### Data records
————————

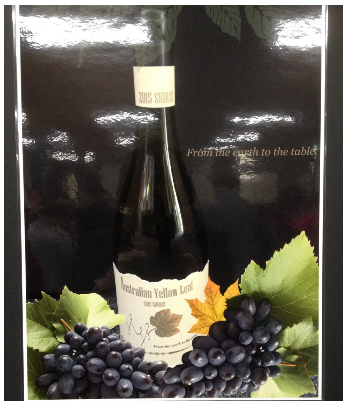
Cindy Wei's winning design

School tours are also conducted fortnightly and bookings are essential. PH: 9836 0555.
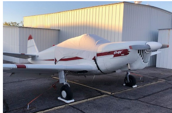
Globe-Temco Swift Canopy Cover, standard type
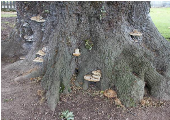
Plate 14. Base of ancient oak at Ysgol Bryn Gwalia
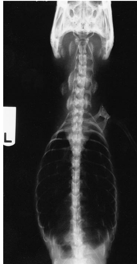
FIGURE 4. Radiograph of subadult Morelet's crocodile from Belize (dorsal view). Note absence of the left forelimb including the scapula and procoracoid.

Survival among Morelet's crocodile hatchlings is generally low (11%) (Platt,
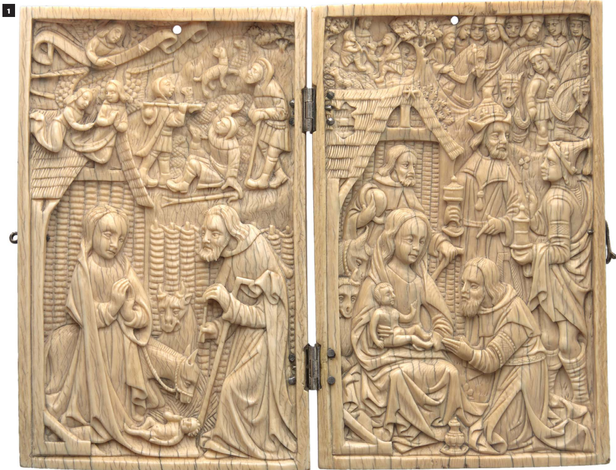
1. Diptych with the scenes of the Nativity of Christ and the Adoration of the Magi , ca. 1500, ivory, metal, 14.5 × 18.5 cm, National Museum in Kraków, Princes Czartoryski Museum.

popular media, and their iconography and style were changing along with the prototypes they followed, such as monumental and funerary sculpture, illuminated manuscripts, etc. This diptych certainly can be viewed as an example of a work used for such practices. In this study, I would like to place the diptych within its artistic and iconographical tradition, as well as present it as the work of art that is somewhat typical for its period. Later ivories were rarely viewed as the mirror of new artistic tendencies.
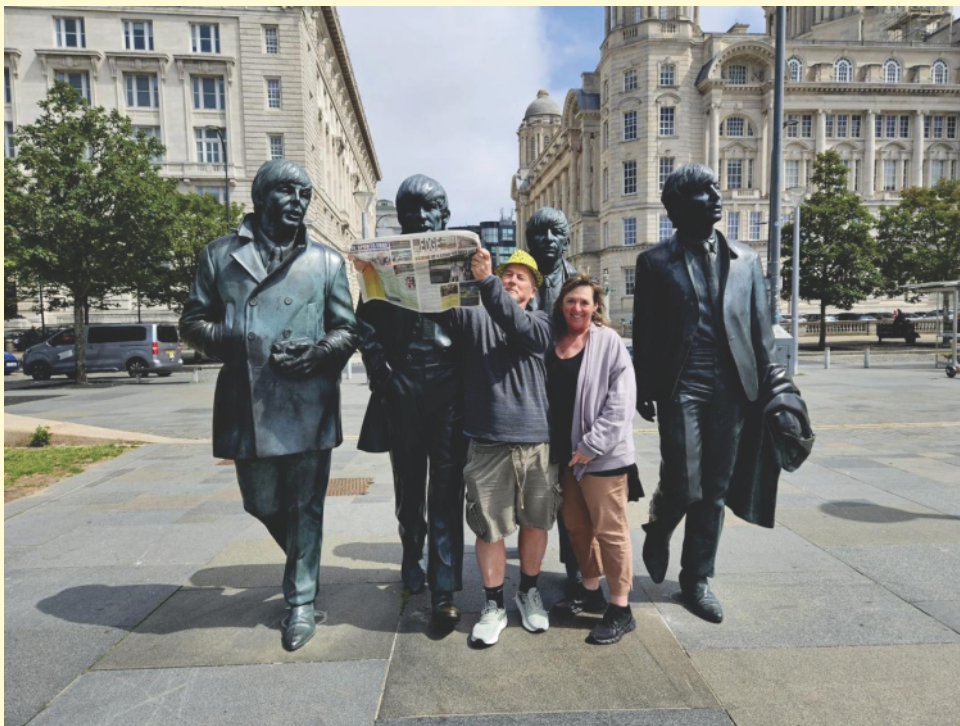
Bomber and Kel sharing local news with the Fab Four in Liverpool
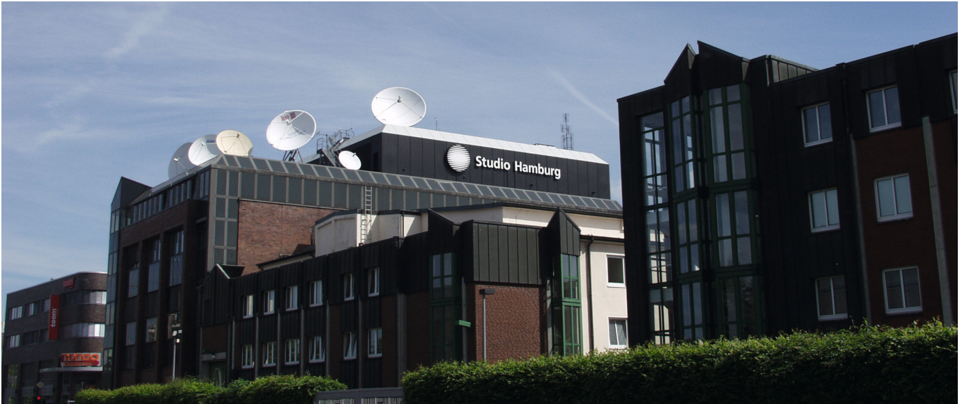
Studio Hamburg Postproduction is using R&S®CLIPSTER to digitize historical film material.
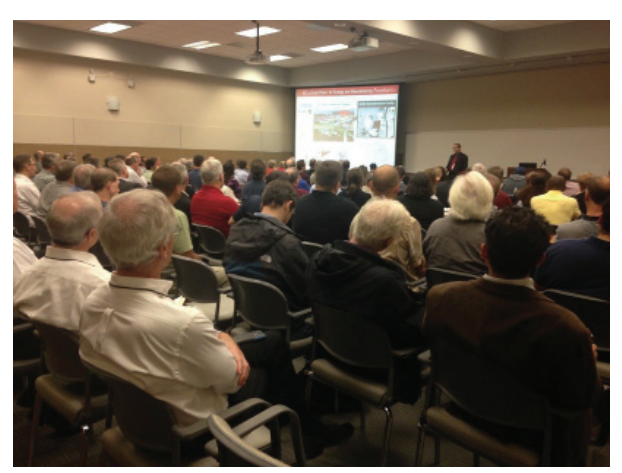
PCB Carolina 2016

Continuing education is a must in the electronic product design world. This includes keeping up with the latest industry standards including IPC, ANSI, MIL, etc. as well as PCB fabrication and assembly processes. Technologies like the Internet of Things (IoT) and rigid-flex circuits are becoming commonplace in today's electronics from automotive to medical to consumer and beyond. PCB
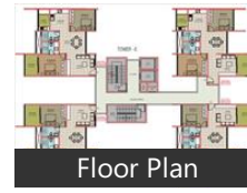
* These floor plans are of the project and might not represent the property

Whitefield is the major it hub with so many international companies and world class infrastructures
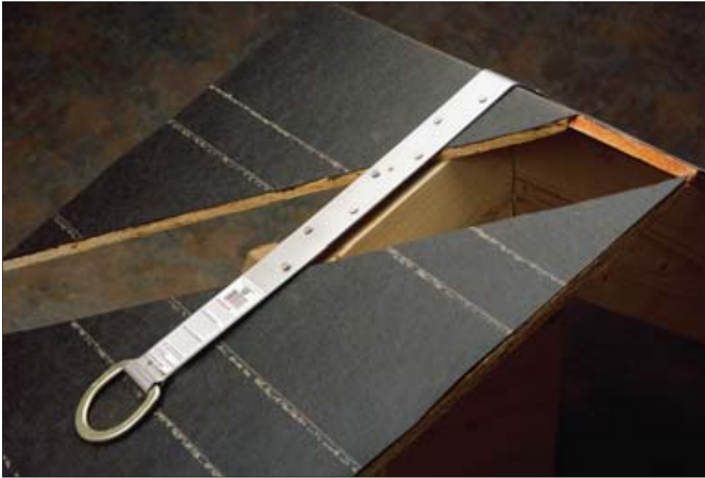
Anchor is centered over top chord through roof sheathing.

————————

### What to work on
The output is the lines from the start of the data above through the line containing "Plate 14. Base", unchanged, with any picture left out.

### Solution to the problem
Cindy Wei's winning design

School tours are also conducted fortnightly and bookings are essential. PH: 9836 0555.
Globe-Temco Swift Canopy Cover, standard type
Plate 14. Base of ancient oak at Ysgol Bryn Gwalia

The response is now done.